WASHINGTON—Last evening, a Texas federal district court further delayed the Biden administration’s attempt to end the Trump-era program, known as Remain in Mexico, of returning asylum-seekers who crossed the border illegally to Mexico to wait there, rather than in the United States, for their asylum hearings. The Immigration Reform Law Institute (IRLI) had filed a friend-of-the-court brief in the case urging that result.
The decision is the latest episode of a long-running case that, so far, has blocked the administration from ending Remain in Mexico. The states of Texas and Missouri, supported by both IRLI and IRLI’s national network of attorneys, Attorneys United for a Secure America, first won the resumption of the program in the same district court that issued last evening’s ruling. Then the U.S. Supreme Court, after refusing to suspend that resumption, later found that a federal statute stripped the district court of jurisdiction to order that resumption through an injunction, and remanded the case to the district court for further proceedings.
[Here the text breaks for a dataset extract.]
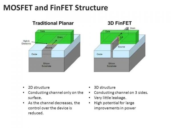 讲得通俗易懂点,就是传统的FET(场效应管)属于平面架构,只能控制一侧的电路,而FinFET则是3D立体架构,可以同时控制两侧电路。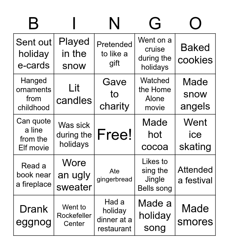 This bingo card has a free space and 24 words: Wore an ugly sweater, Went to Rockefeller Center, Gave to charity, Drank eggnog, Baked cookies, Sent out holiday e-cards, Hanged ornaments from childhood, Played in the snow, Made hot cocoa, Ate gingerbread, Watched the Home Alone movie, Can quote a line from the Elf movie, Likes to sing the Jingle Bells song, Attended a festival, Lit candles, Made a holiday song, Went ice skating, Pretended to like a gift, Made snow angels, Was sick during the holidays, Made smores, Read a book near a fireplace, Went on a cruise during the holidays and Had a holiday dinner at a restaurant.

In its brief before last evening’s decision, IRLI had argued that the administration was obligated to consider, but never did consider, how continuing Remain in Mexico would help it fulfill the purposes of immigration law, one of which is the reduction of migrant flows and the achievement of operational control of the border.
In last evening’s order, the court agreed with this point in finding that the administration was unlikely to succeed on the merits of the case. The court found that the administration did not act rationally (as required by federal law) when it tried to end Remain in Mexico, because it failed to consider how continuing the program would help it reach the goals of immigration law. Even though the administration admitted that the program reduced illegal-alien flows and asylum claims lacking in merit, it failed to consider, for example, the obvious point that keeping it going would help the administration meet its legal obligations to detain illegal aliens (because there would be fewer of them to detain) and confine its exercise of its parole authority within the limits set by Congress.
“President Trump put in place a set of policies, including Remain in Mexico, that brought operational control of the border within sight,” said Dale L. Wilcox, executive director and general counsel of IRLI. “In undoing these policies, the current administration cannot help but act irrationally, because it is going against the goals of Congress. When an administration is at war with the policies behind the law, that is not just a policy difference—it is a legal problem. We are pleased the court clearly saw this, and blocked this irrational end of a vital program.”
The case is State of Texas, State of Missouri v. Biden, No. 2:21-cv-00067 (N.D. Tex.).